SUPPLIED DATA START

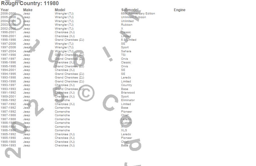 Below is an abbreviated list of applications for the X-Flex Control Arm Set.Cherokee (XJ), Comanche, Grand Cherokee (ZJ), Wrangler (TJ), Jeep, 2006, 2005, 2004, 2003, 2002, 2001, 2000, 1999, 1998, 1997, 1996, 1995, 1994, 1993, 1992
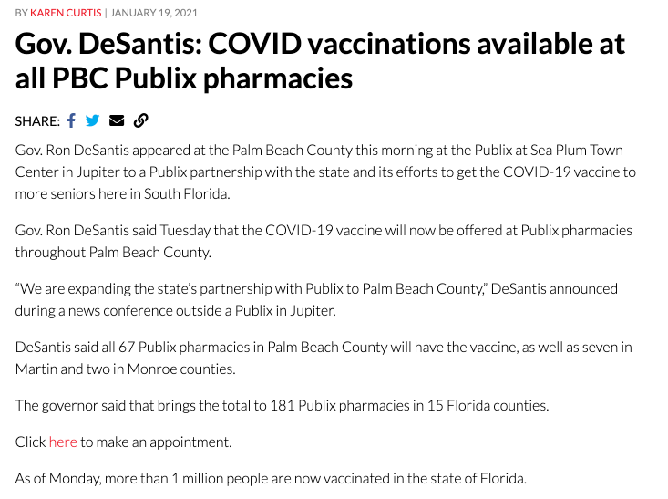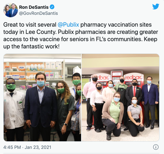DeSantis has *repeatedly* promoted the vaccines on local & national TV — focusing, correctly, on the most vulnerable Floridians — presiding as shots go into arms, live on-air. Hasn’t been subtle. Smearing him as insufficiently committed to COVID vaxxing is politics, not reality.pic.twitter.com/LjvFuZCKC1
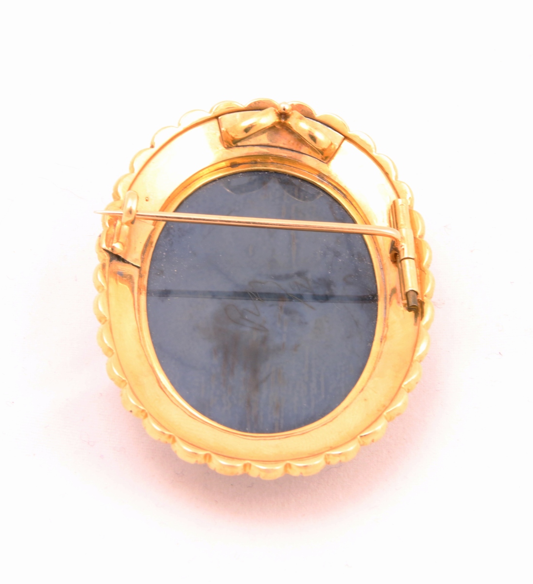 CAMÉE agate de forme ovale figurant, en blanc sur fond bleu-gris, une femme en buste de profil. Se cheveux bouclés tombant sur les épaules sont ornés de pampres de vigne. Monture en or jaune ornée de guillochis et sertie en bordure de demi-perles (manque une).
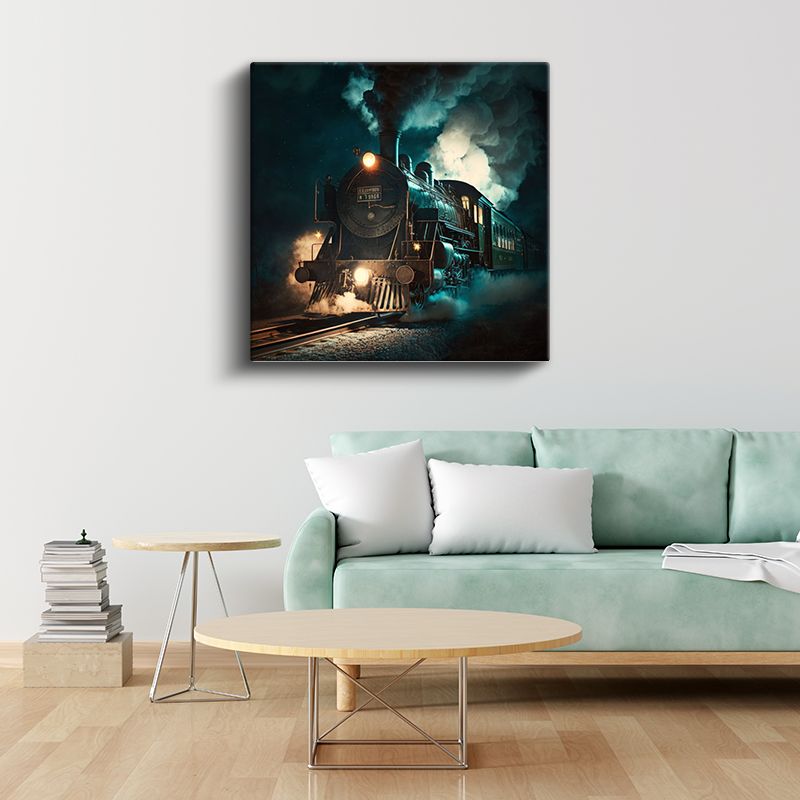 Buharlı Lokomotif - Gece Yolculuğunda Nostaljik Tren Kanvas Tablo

SUPPLIED DATA END

§ **YOUR TASK**
Starting at the line with "DeSantis has *repeatedly*" and stopping at the final line of the material, reproduce each line exactly, both ends included. Leave the pictures out.

§ **EXPECTED OUTPUT**
DeSantis has *repeatedly* promoted the vaccines on local & national TV — focusing, correctly, on the most vulnerable Floridians — presiding as shots go into arms, live on-air. Hasn’t been subtle. Smearing him as insufficiently committed to COVID vaxxing is politics, not reality.pic.twitter.com/LjvFuZCKC1
 CAMÉE agate de forme ovale figurant, en blanc sur fond bleu-gris, une femme en buste de profil. Se cheveux bouclés tombant sur les épaules sont ornés de pampres de vigne. Monture en or jaune ornée de guillochis et sertie en bordure de demi-perles (manque une).
 Buharlı Lokomotif - Gece Yolculuğunda Nostaljik Tren Kanvas Tablo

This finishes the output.